TASK BRIEF.
Set the listing down again in full, word for word, with the pictures left out.

DATASET SECTION.
============================================================

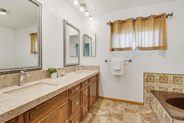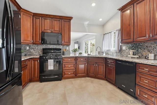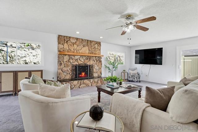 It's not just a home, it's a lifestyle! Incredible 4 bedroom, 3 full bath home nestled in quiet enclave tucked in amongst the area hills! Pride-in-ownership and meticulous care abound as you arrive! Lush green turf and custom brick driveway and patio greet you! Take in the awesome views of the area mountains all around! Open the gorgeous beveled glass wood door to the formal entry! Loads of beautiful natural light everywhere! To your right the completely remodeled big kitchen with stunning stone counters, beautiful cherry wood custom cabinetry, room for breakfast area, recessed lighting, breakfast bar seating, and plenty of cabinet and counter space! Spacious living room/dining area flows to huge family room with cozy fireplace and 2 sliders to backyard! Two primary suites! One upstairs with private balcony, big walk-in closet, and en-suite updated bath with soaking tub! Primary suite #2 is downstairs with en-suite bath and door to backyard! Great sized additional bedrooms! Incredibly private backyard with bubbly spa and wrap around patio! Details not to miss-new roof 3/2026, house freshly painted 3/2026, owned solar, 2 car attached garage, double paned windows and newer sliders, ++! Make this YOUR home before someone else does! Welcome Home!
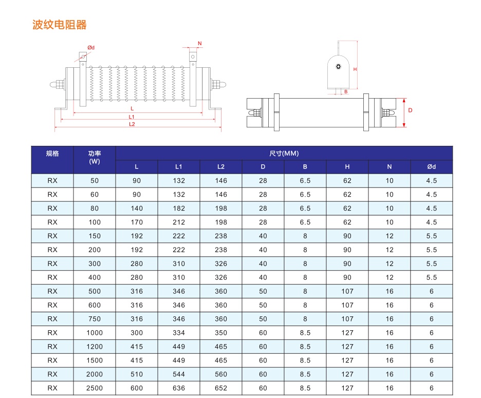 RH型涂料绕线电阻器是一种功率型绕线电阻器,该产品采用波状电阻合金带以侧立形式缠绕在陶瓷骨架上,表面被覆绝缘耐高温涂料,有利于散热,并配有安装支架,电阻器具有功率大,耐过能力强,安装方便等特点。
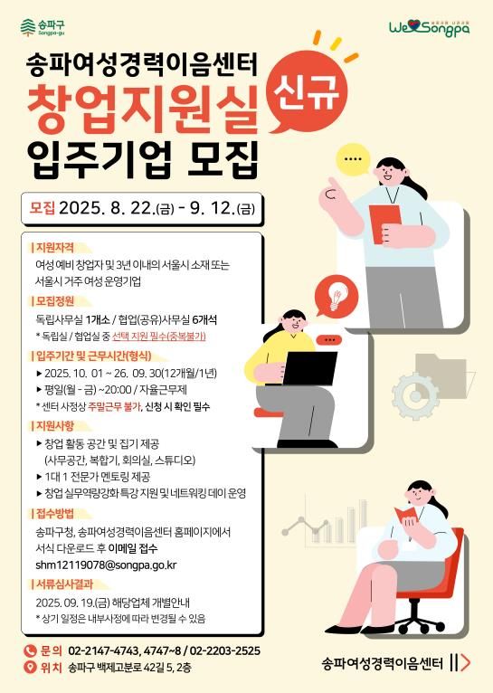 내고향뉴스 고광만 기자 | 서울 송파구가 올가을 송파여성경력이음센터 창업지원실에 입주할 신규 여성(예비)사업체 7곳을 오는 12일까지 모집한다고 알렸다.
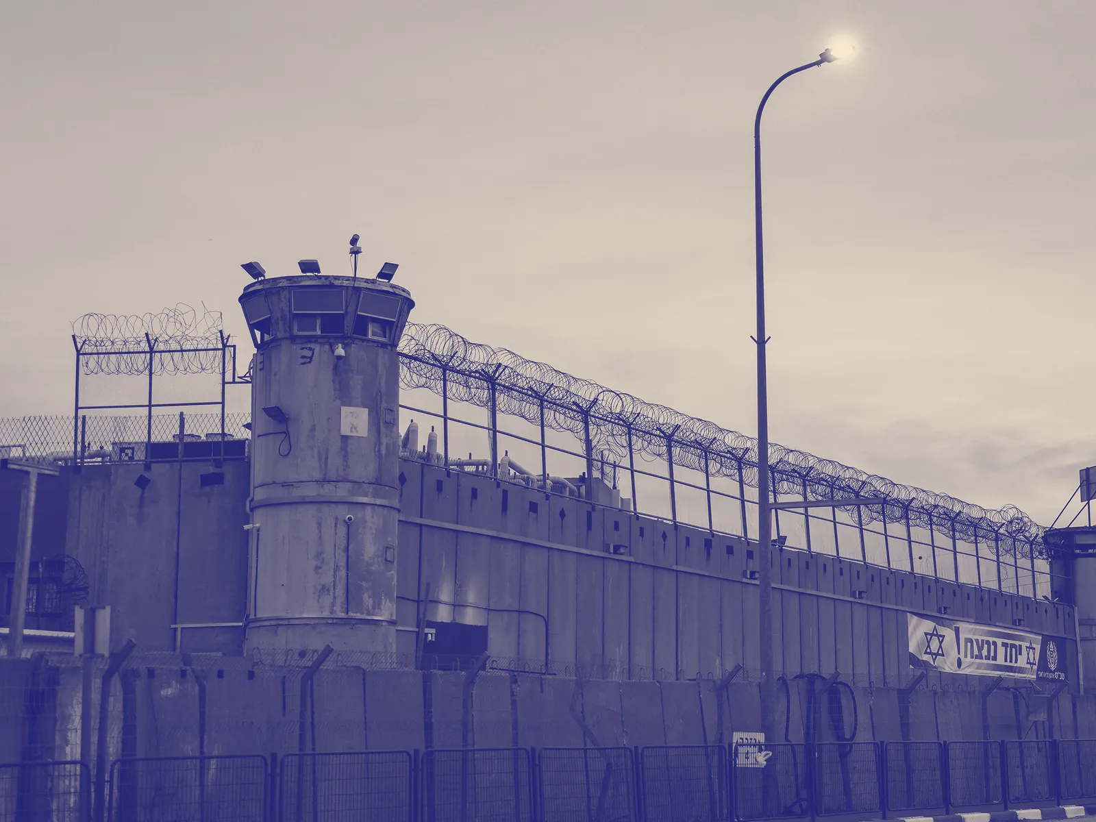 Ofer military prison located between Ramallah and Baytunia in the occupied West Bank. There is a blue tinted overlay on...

============================================================

ANSWER TO THIS TASK.
 It's not just a home, it's a lifestyle! Incredible 4 bedroom, 3 full bath home nestled in quiet enclave tucked in amongst the area hills! Pride-in-ownership and meticulous care abound as you arrive! Lush green turf and custom brick driveway and patio greet you! Take in the awesome views of the area mountains all around! Open the gorgeous beveled glass wood door to the formal entry! Loads of beautiful natural light everywhere! To your right the completely remodeled big kitchen with stunning stone counters, beautiful cherry wood custom cabinetry, room for breakfast area, recessed lighting, breakfast bar seating, and plenty of cabinet and counter space! Spacious living room/dining area flows to huge family room with cozy fireplace and 2 sliders to backyard! Two primary suites! One upstairs with private balcony, big walk-in closet, and en-suite updated bath with soaking tub! Primary suite #2 is downstairs with en-suite bath and door to backyard! Great sized additional bedrooms! Incredibly private backyard with bubbly spa and wrap around patio! Details not to miss-new roof 3/2026, house freshly painted 3/2026, owned solar, 2 car attached garage, double paned windows and newer sliders, ++! Make this YOUR home before someone else does! Welcome Home!
 RH型涂料绕线电阻器是一种功率型绕线电阻器,该产品采用波状电阻合金带以侧立形式缠绕在陶瓷骨架上,表面被覆绝缘耐高温涂料,有利于散热,并配有安装支架,电阻器具有功率大,耐过能力强,安装方便等特点。
 내고향뉴스 고광만 기자 | 서울 송파구가 올가을 송파여성경력이음센터 창업지원실에 입주할 신규 여성(예비)사업체 7곳을 오는 12일까지 모집한다고 알렸다.
 Ofer military prison located between Ramallah and Baytunia in the occupied West Bank. There is a blue tinted overlay on...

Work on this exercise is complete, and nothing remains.